Could the listing below be returned exactly, with its pictures left out?
Data below section start
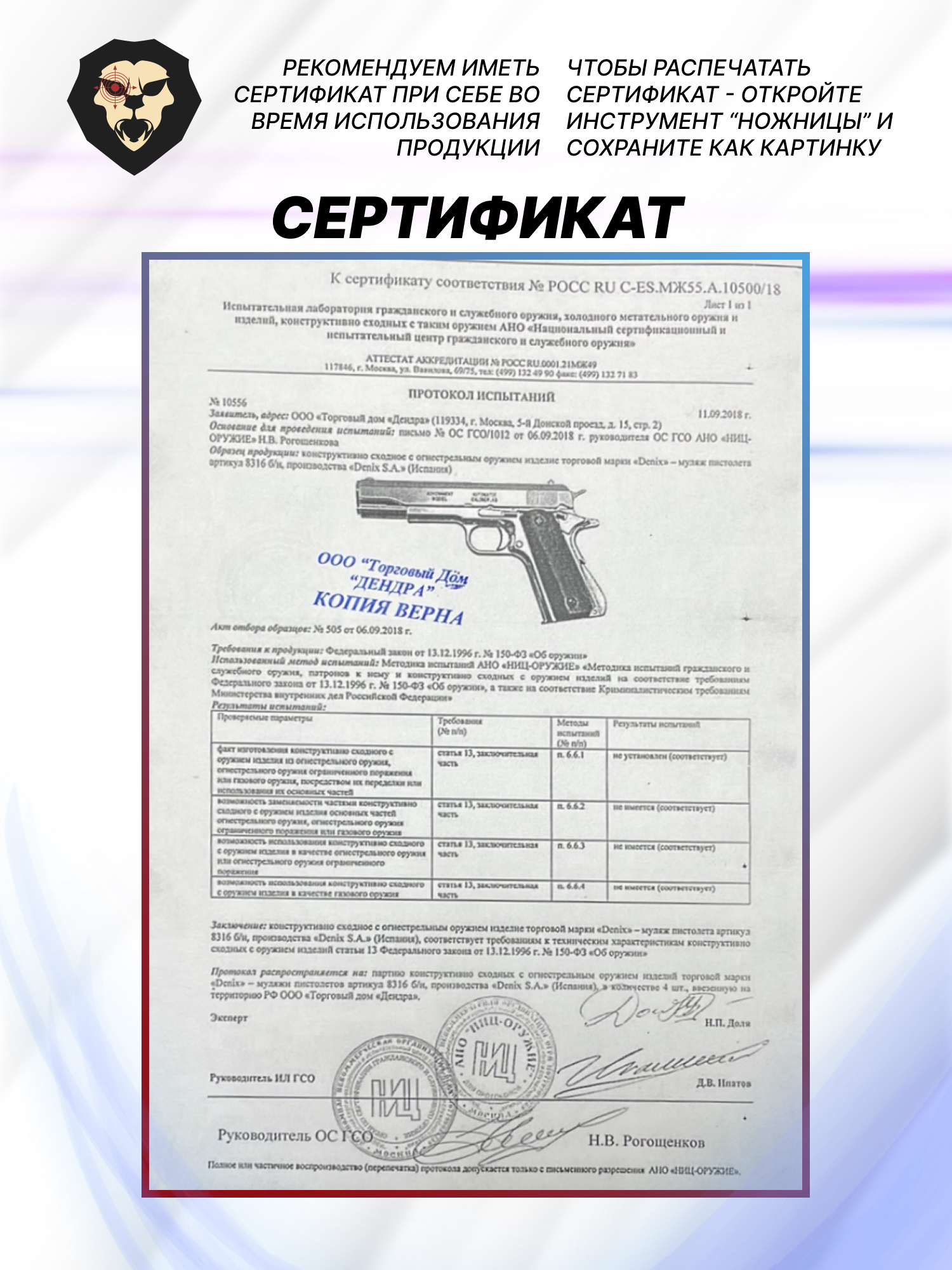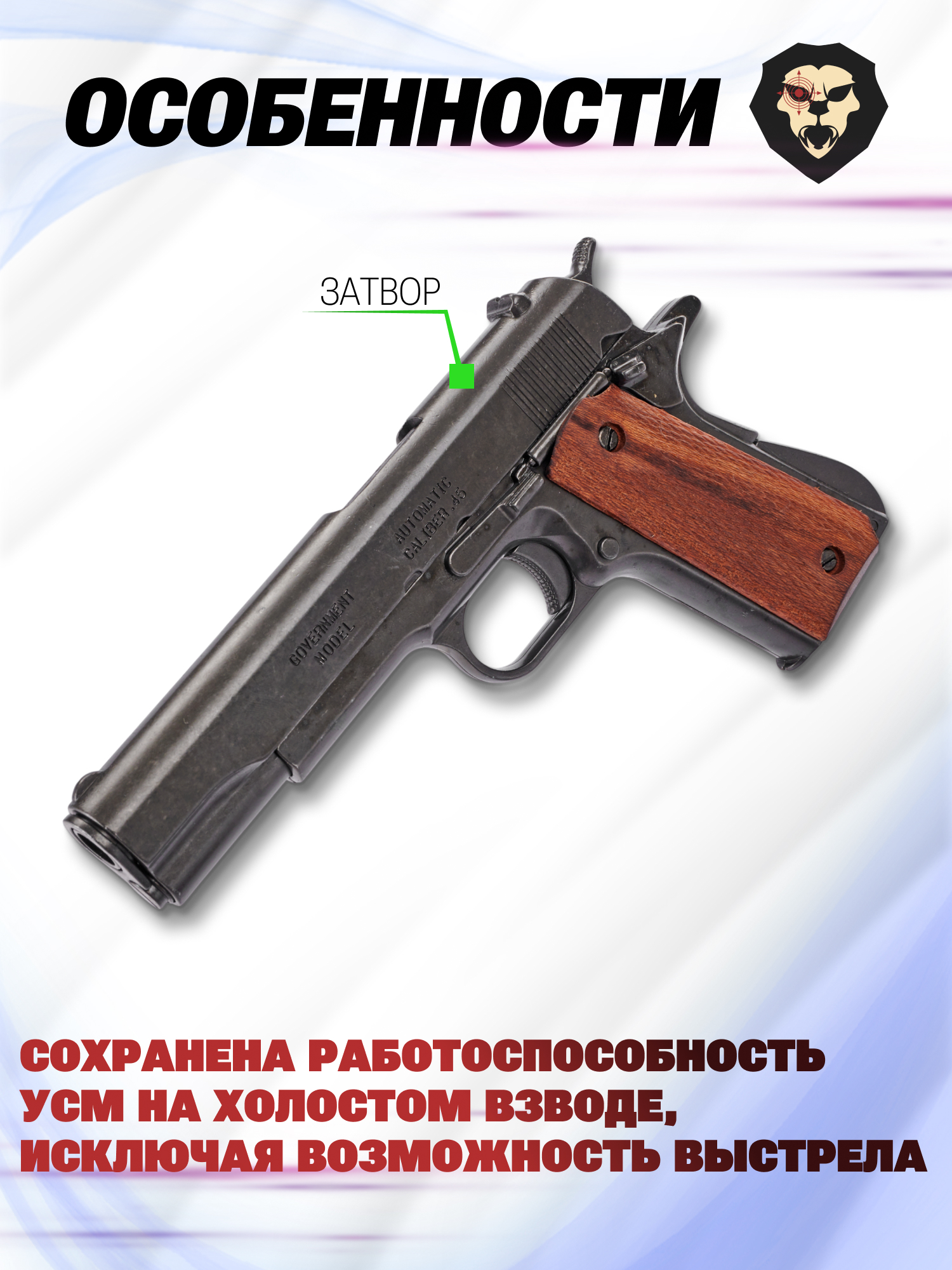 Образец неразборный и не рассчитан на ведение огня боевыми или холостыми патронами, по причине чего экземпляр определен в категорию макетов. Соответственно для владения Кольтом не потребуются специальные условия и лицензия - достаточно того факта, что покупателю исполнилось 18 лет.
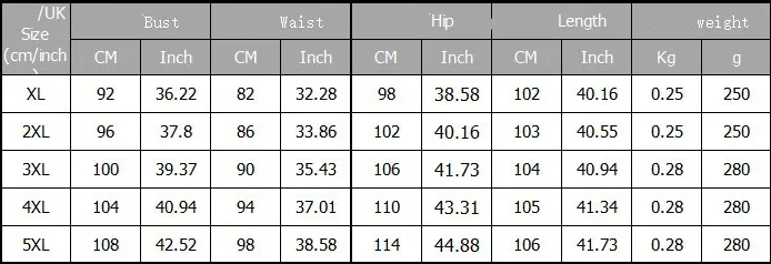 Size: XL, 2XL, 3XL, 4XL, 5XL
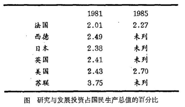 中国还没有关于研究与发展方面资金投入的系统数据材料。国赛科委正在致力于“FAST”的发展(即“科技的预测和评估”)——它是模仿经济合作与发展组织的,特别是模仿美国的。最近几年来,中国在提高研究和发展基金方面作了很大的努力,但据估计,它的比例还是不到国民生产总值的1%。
Data below section end
**Result of the task:**
 Образец неразборный и не рассчитан на ведение огня боевыми или холостыми патронами, по причине чего экземпляр определен в категорию макетов. Соответственно для владения Кольтом не потребуются специальные условия и лицензия - достаточно того факта, что покупателю исполнилось 18 лет.
 Size: XL, 2XL, 3XL, 4XL, 5XL
 中国还没有关于研究与发展方面资金投入的系统数据材料。国赛科委正在致力于“FAST”的发展(即“科技的预测和评估”)——它是模仿经济合作与发展组织的,特别是模仿美国的。最近几年来,中国在提高研究和发展基金方面作了很大的努力,但据估计,它的比例还是不到国民生产总值的1%。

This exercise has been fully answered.